Ce réflexe n’est pas neuf. Il remonte à l’après-guerre, quand les gouvernements occidentaux ont multiplié les grands ensembles de logements sociaux, inspirés par les théories modernistes de Le Corbusier. Plus encore, il s’apparente à la logique des plans quinquennaux soviétiques, où la centralisation et la standardisation dominaient toute réflexion urbaine.
Autrement dit, le projet Carney n’est pas seulement une mesure technique. C’est le symptôme d’une vieille tentation : celle de croire qu’un gouvernement peut, depuis Ottawa ou ailleurs, planifier et produire la vie quotidienne des citoyens avec la froide rationalité d’un tableau Excel.
Le rêve moderniste : la ville comme machine
Pour comprendre ce parallèle, il faut revenir à l’influence de Le Corbusier. Dans les années 1920-1950, cet architecte franco-suisse portait une vision radicale : concevoir la ville comme une machine rationnelle. Pour lui, la maison était une « machine à habiter », soumise aux mêmes impératifs d’efficacité et de standardisation que l’automobile ou l’avion.
Afin d’uniformiser l’architecture, il inventa le Modulor, un système de proportions basé sur un homme standard de 1,83 mètre. Ce modèle, présenté comme universel, effaçait la diversité des corps, des cultures et des modes de vie. Dans son esprit, on pouvait appliquer cette logique à des millions d’êtres humains, partout dans le monde, et produire des logements « scientifiques », efficaces et interchangeables.
Sa vision de la Ville radieuse allait encore plus loin : détruire les centres historiques pour bâtir de vastes barres de tours identiques, alignées géométriquement, entourées d’espaces verts et séparées des lieux de travail.

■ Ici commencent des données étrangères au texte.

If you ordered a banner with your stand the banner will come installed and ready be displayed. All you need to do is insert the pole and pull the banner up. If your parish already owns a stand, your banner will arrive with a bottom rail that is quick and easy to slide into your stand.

Tout devait être calculé, planifié, rationalisé.
L’Unité d’habitation de Marseille (1947-1952) en fut le prototype : un bloc massif de béton, intégrant logements, commerces, garderie et toit-terrasse. L’idée séduisit, car elle promettait de loger vite et bien, dans un modèle répétable à l’infini. Mais cette utopie technocratique avait un coût : l’effacement du tissu urbain organique, de l’échelle humaine et des dynamiques sociales spontanées.
L’après-guerre : l’État bâtisseur en Occident
Après 1945, l’Europe et une partie de l’Amérique du Nord adoptèrent massivement ces principes. L’urgence de la reconstruction et la croissance démographique incitaient à produire du logement en masse. Les gouvernements, convaincus que l’industrialisation de l’habitat était la voie de l’avenir, multiplièrent les grands ensembles.

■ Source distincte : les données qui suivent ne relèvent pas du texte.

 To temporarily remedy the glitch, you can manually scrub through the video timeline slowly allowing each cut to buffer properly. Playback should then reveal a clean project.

À Paris, Londres, Berlin ou Montréal, on vit surgir ces tours et barres standardisées, inspirées de Le Corbusier. Elles répondaient à une logique d’efficacité : loger vite, en grand nombre, sur une base répétitive. Mais avec le temps, leurs défauts apparurent : isolement social, manque de mixité, monotonie architecturale, dégradation rapide. Ce que l’on avait présenté comme un progrès scientifique s’avéra souvent une impasse sociale et urbanistique.
Le miroir soviétique : la standardisation absolue
Dans le bloc de l’Est, la logique fut encore plus radicale. L’URSS s’appropria les idées de Le Corbusier, mais les poussa jusqu’au bout de la logique planifiée. Les célèbres khrouchtchevkas — immeubles préfabriqués en béton construits à partir des années 1960 — devinrent le visage de la standardisation.
Ici, tout était dicté par le plan quinquennal : nombre d’unités, surface moyenne, matériaux, localisation. Le logement n’était plus qu’un quota à remplir. Peu importaient les besoins locaux ou les préférences des habitants, l’essentiel était d’atteindre les objectifs fixés par le comité central.
Résultat : des millions de citoyens logés rapidement, certes, mais dans des environnements monotones, uniformes, dépourvus d’âme. Les khrouchtchevkas ne sont pas seulement des bâtiments : elles incarnent l’utopie d’un logement réduit à une statistique, conçu par un État omniscient.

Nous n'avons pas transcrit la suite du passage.